Last summer, the Conservatives cancelled two programs, PromArt and Trade Routes, which contributed about $12 million per year to help Canadian performers reach international audiences.
At the time, a senior government official said the programs were being axed because some grant recipients included "a general radical," "a left-wing and anti-globalization think-tank," and a rock band that uses an expletive as part of its name.
On Monday, though, representatives of mainstream arts organizations argued at the House of Commons Standing Committee on Canadian Heritage in favour of restoring the programs on economic and cultural grounds.
"The impact of these cuts means cancelled tours, stalled contract negotiations, lost work weeks for artists, and the ultimate disappearance of Canadian art from the world stage," said Shannon Litzenberger, executive director of the Canadian Dance Assembly, representing about 500 professional dance troupes.
While the Conservatives did end those two programs, overall spending on arts and culture programs has increased compared to that of the previous Liberal government. Several Conservative MPs at the committee seemed frustrated that the artists complaining about the cuts to the export support programs did not acknowledge the government's overall support for the arts.

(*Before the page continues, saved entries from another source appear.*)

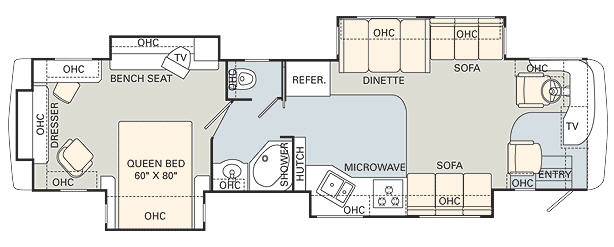 Quad Slide, Rear Large Bedroom w/Queen Bed Slide, Bench Seat/TV Slideout, Desk w/Chair, Dresser w/Overhead Storage, Lounge Chair, Seperate Stool Room, Angle Shower, Hutch, Refrigerator, Double Sink, 3 Burner Range, 2 Sofas, Booth Dinette, TV Above Cab Area And More.
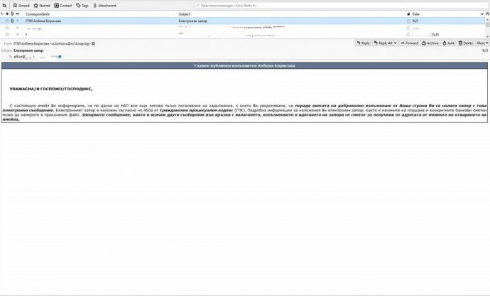 Писмата приканват получателите им да отворят прикачен файл, в който има информация за „наложения електронен запор, както и начините на плащане и конкретните банкови сметки“.
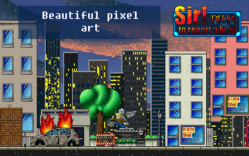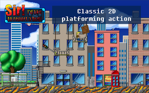 "The addictive gameplay, fantastic retro style, and crazy storyline make Sir! I’d Like To Report a Bug a must play game for all fans of challenging platformers." – Super Game Droid
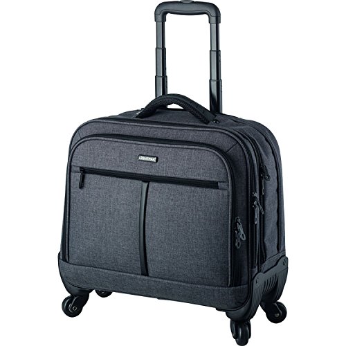 Vollständig versenkbares, arretierbares Trolleysystem, ergonomischer Tragegriff, vier 360° Leichtlauf-Rollen, Reißverschlusshauptfach mit gepolstertem Laptopfach, Reißverschlussfach mit drei Trennfächern, Reißverschlussfach mit Organizer, mit drei Stiftschlaufen, drei Visitenkartenfächern, kleine Tasche, Reißverschlussvorfach, verdecktes Adressfeld auf der Rückseite, Trolleyband
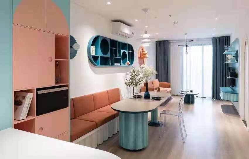 紧凑的学区房,户型相对比较小。我们把厨房和餐厅连在一起,让整体更开阔。
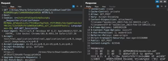 With the information in figure x the consultants manipulated the request https://domain.com//Areas/Share/InternalUserCompletedDownload?ID=<EncryptedDocumentId> for download documents from other profiles, providing the “EncryptedDocumentId” value in the “ID” web parameter, allowing to display documents upload from the any as shown in figure 4.
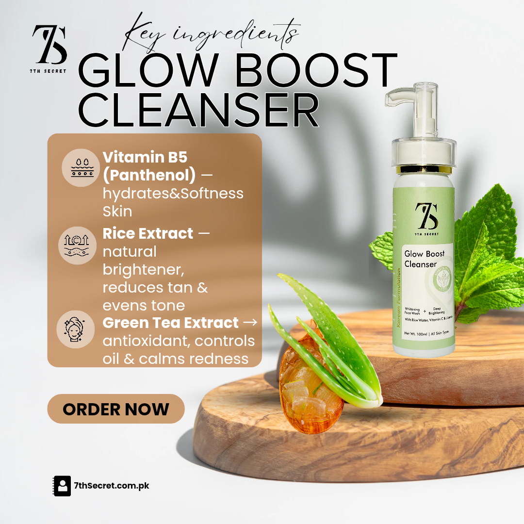 Glow Boost Cleanser gently removes impurities, excess oil, and dull surface cells, revealing clear, fair, and refreshed skin. Enriched with brightening and anti-tan ingredients to restore glow.
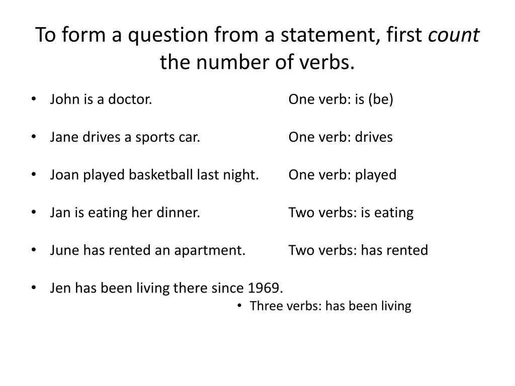 To form a question from a statement, first count the number of verbs. • John is a doctor. One verb: is (be) • Jane drives a sports car.One verb: drives • Joan played basketball last night.One verb: played • Jan is eating her dinner.Two verbs: is eating • June has rented an apartment.Two verbs: has rented • Jen has been living there since 1969. • Three verbs: has been living
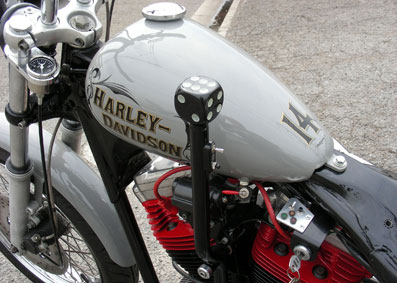 角パイプフレームに問答無用で取り付けられた2.4ガロンマスタングタンクは裏側をフレームに合わせて大幅に加工。 |
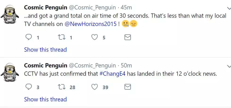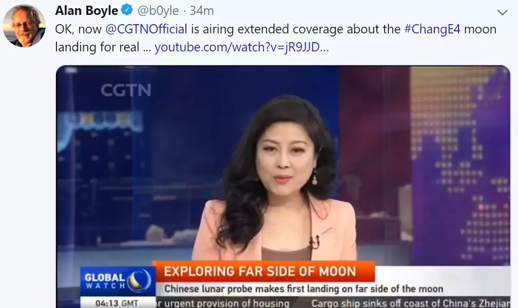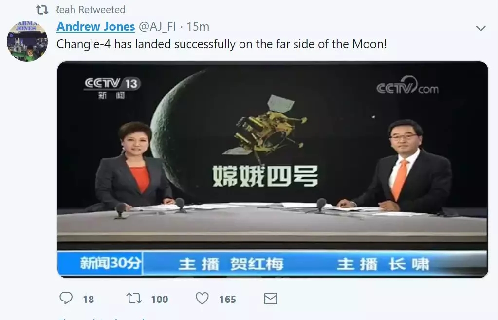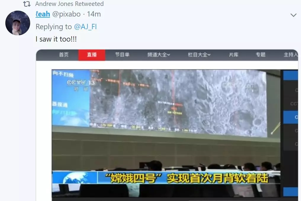 當然,正所謂瑕不掩瑜。這些小插曲并沒有打消這些外國網(wǎng)友對嫦娥4號及其成就的巨大熱情。在官方終于宣布了成功登陸的消息后,這些老外們都在發(fā)布對于嫦娥4號的贊美之詞,稱這確實是“前無古人”的成就。
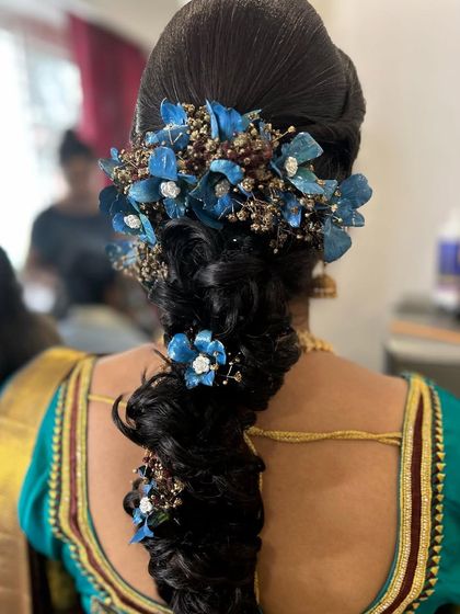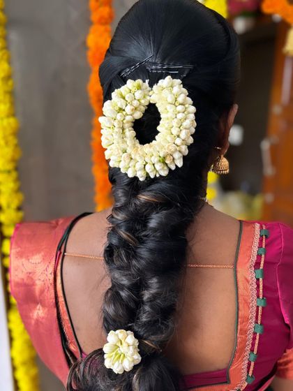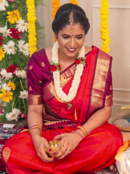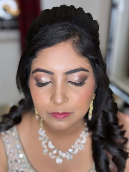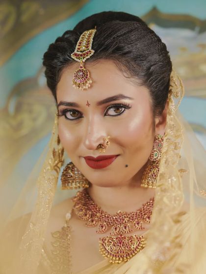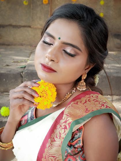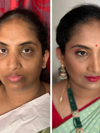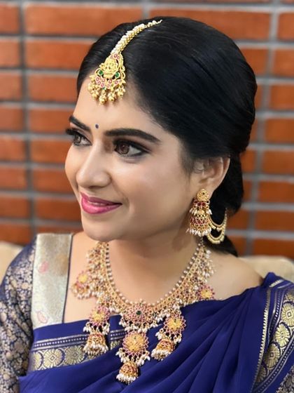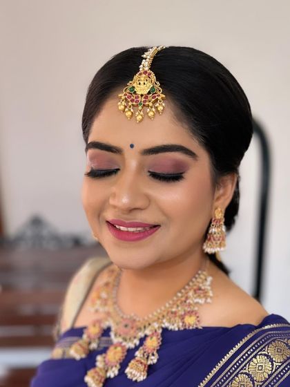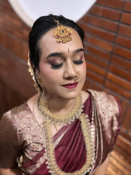 I do South Indian bridal makeup with long-lasting, lightweight products and help plan your full look, including saree draping and matching every detail to your wedding events.
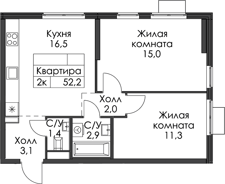 - Площадь52,2 м2
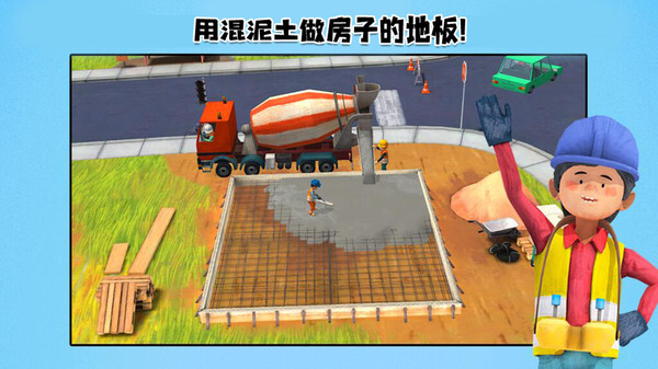 2在工地场景里,小朋友们能尝试操控挖土机、搅拌水泥砂浆、搭建房屋顶面、操作起重设备、驾驶道路清洁车辆,或是给房屋涂刷颜料。

"I support (artists)," Manitoba MP Shelly Glover said after the meeting. "Our government supports them. The prime minister supports them. Regardless of what you think, our government has shown more commitment to the arts than any government before, and we are going to continue to do that."
However, the artists said federal spending largely supported domestic production and distribution of Canadian cultural products and no longer supported exports of Canadian work.